— Work item —
Pictures in the listing should not be copied. Reproduce, word for word, each line from the one holding "員工們在排隊取餐時(shí)" through the final line.

— Provided material —

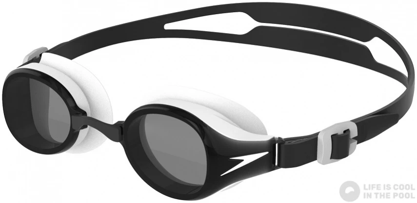 Swimming goggles have doubled straps in the middle. From the sides of the eyepieces there is one strap that is divided in the middle. The advantage of splitting tape is better handling and more comfortable tightening. The doubled straps ensure better hold of the goggles.
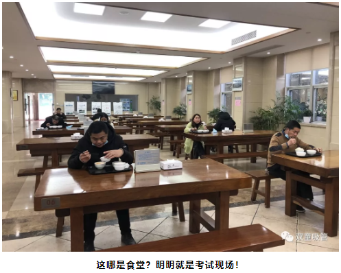 員工們在排隊取餐時(shí)需保持安全距離,就餐時(shí)禁止面對面用餐。瞧!這吃飯架勢真是吃出了考試的味道,不知道的還以為來(lái)了考場(chǎng)呢!
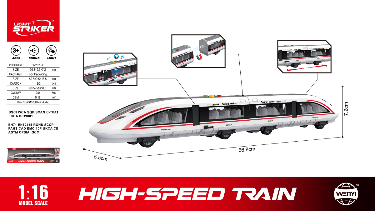 Скоростной поезд со светом и звуком станет замечательным подарком детям, как мальчику, так и девочке, на новый год, день рождения и на любой другой повод.
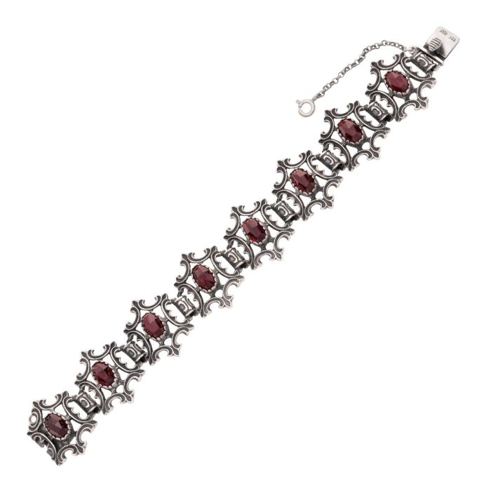 Die offenen Glieder aus Volutenmotiven sind im Zentrum besetzt mit ovalen Granatsteinen im facettierten Rosenschliff.

— Problem solution —
 員工們在排隊取餐時(shí)需保持安全距離,就餐時(shí)禁止面對面用餐。瞧!這吃飯架勢真是吃出了考試的味道,不知道的還以為來(lái)了考場(chǎng)呢!
 Скоростной поезд со светом и звуком станет замечательным подарком детям, как мальчику, так и девочке, на новый год, день рождения и на любой другой повод.
 Die offenen Glieder aus Volutenmotiven sind im Zentrum besetzt mit ovalen Granatsteinen im facettierten Rosenschliff.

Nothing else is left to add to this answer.